------ Available records ------
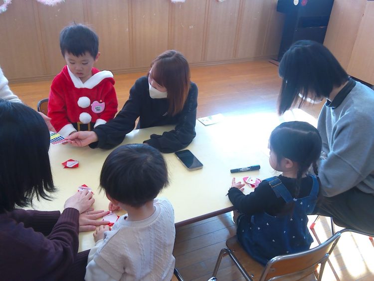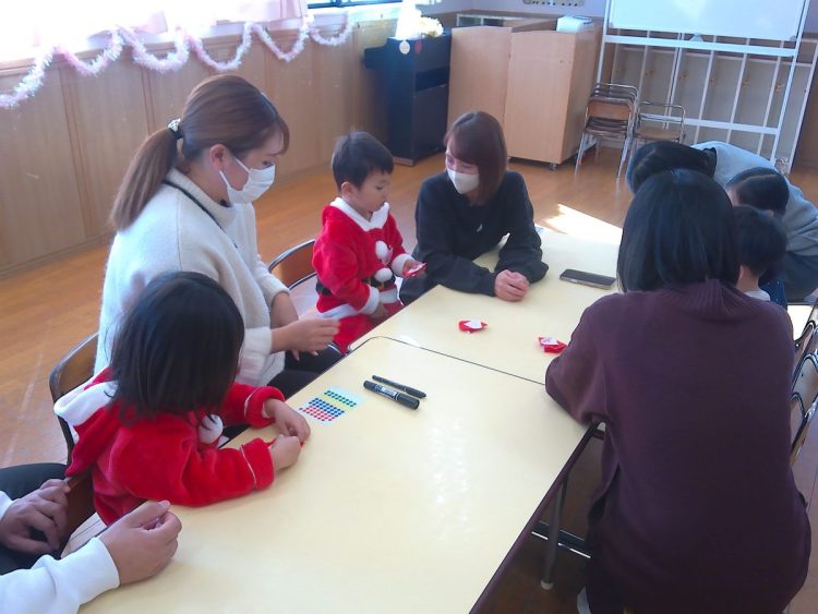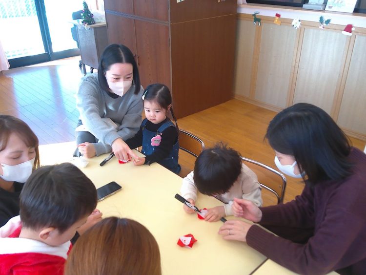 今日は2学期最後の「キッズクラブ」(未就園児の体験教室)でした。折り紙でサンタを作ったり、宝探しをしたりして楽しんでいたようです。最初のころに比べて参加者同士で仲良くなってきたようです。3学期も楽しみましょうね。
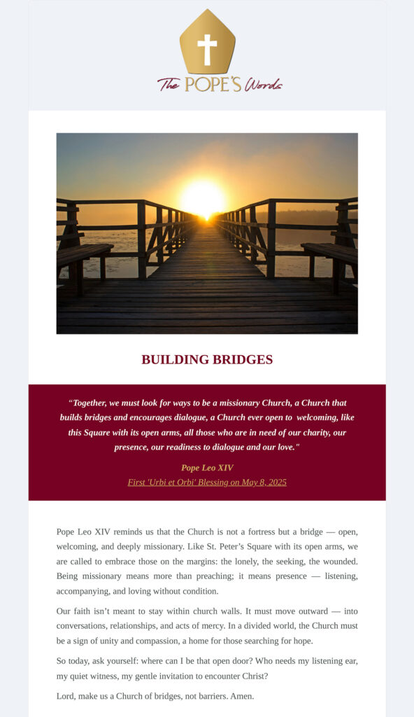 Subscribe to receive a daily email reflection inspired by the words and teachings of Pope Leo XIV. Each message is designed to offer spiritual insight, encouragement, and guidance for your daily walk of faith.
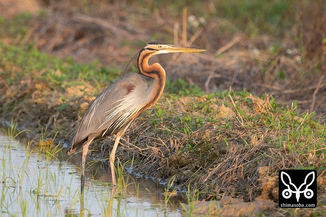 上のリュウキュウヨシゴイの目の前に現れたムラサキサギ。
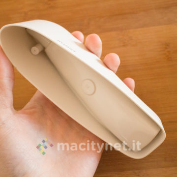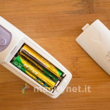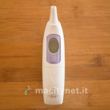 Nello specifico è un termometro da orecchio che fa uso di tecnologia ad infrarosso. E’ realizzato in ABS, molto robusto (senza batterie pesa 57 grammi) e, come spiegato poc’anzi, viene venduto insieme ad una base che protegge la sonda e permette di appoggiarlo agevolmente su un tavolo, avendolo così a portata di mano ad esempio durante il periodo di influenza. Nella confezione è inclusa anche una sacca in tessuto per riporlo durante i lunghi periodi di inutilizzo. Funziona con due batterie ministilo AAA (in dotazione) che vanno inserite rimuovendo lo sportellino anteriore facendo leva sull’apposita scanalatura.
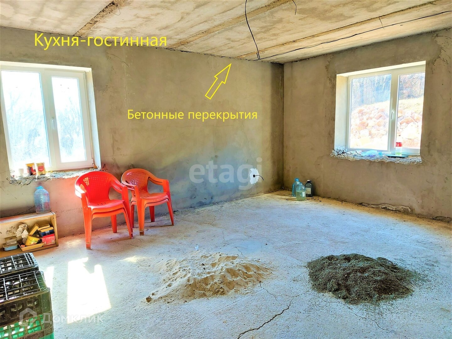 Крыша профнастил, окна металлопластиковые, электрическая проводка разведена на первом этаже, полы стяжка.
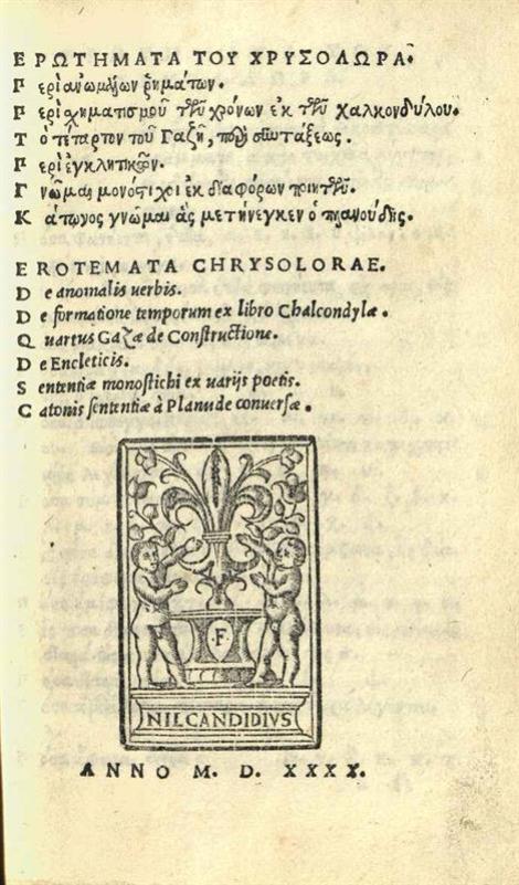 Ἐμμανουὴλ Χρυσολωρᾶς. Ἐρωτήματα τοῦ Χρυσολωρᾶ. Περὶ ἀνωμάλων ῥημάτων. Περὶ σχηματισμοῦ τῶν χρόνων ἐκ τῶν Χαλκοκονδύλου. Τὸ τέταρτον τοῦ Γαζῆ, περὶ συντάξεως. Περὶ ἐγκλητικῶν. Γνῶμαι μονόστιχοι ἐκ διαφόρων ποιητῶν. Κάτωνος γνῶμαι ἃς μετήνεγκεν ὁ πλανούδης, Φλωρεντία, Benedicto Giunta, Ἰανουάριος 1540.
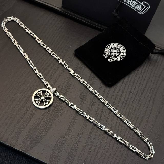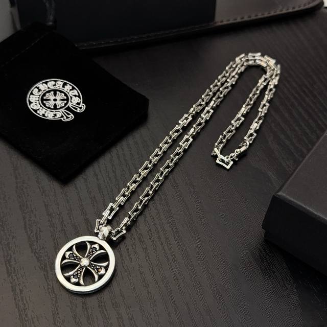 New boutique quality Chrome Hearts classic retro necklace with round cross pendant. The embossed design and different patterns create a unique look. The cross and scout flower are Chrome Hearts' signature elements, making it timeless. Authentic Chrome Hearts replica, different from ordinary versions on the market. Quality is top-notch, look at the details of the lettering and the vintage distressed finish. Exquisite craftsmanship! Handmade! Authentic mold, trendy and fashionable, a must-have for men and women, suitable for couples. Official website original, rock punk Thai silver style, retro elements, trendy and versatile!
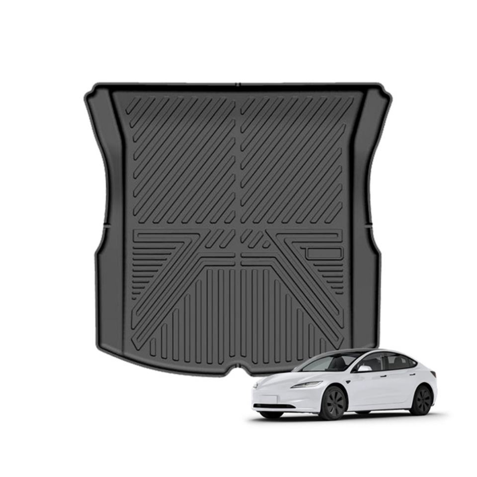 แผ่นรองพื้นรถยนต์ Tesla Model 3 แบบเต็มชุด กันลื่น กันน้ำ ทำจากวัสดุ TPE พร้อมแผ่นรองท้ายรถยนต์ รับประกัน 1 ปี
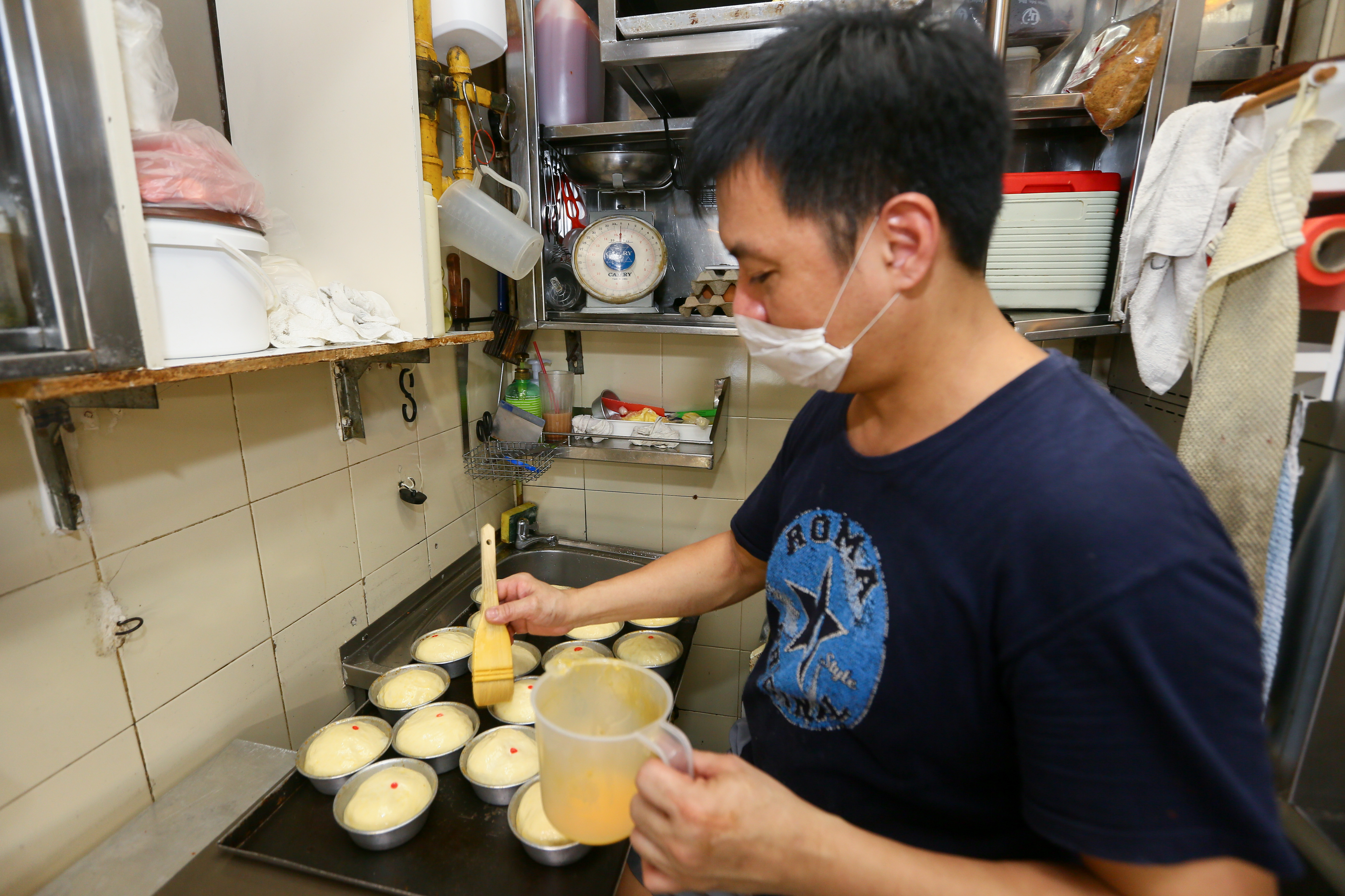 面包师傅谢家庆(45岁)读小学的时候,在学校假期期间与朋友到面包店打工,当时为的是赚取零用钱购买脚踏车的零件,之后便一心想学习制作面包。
------
> _Directions for this task_
Pictures are to be left out; the answer must otherwise be exactly the lines from the one with "แผ่นรองพื้นรถยนต์ Tesla Model" through the final line of the entries above, both included.

> _Solution_
 แผ่นรองพื้นรถยนต์ Tesla Model 3 แบบเต็มชุด กันลื่น กันน้ำ ทำจากวัสดุ TPE พร้อมแผ่นรองท้ายรถยนต์ รับประกัน 1 ปี
 面包师傅谢家庆(45岁)读小学的时候,在学校假期期间与朋友到面包店打工,当时为的是赚取零用钱购买脚踏车的零件,之后便一心想学习制作面包。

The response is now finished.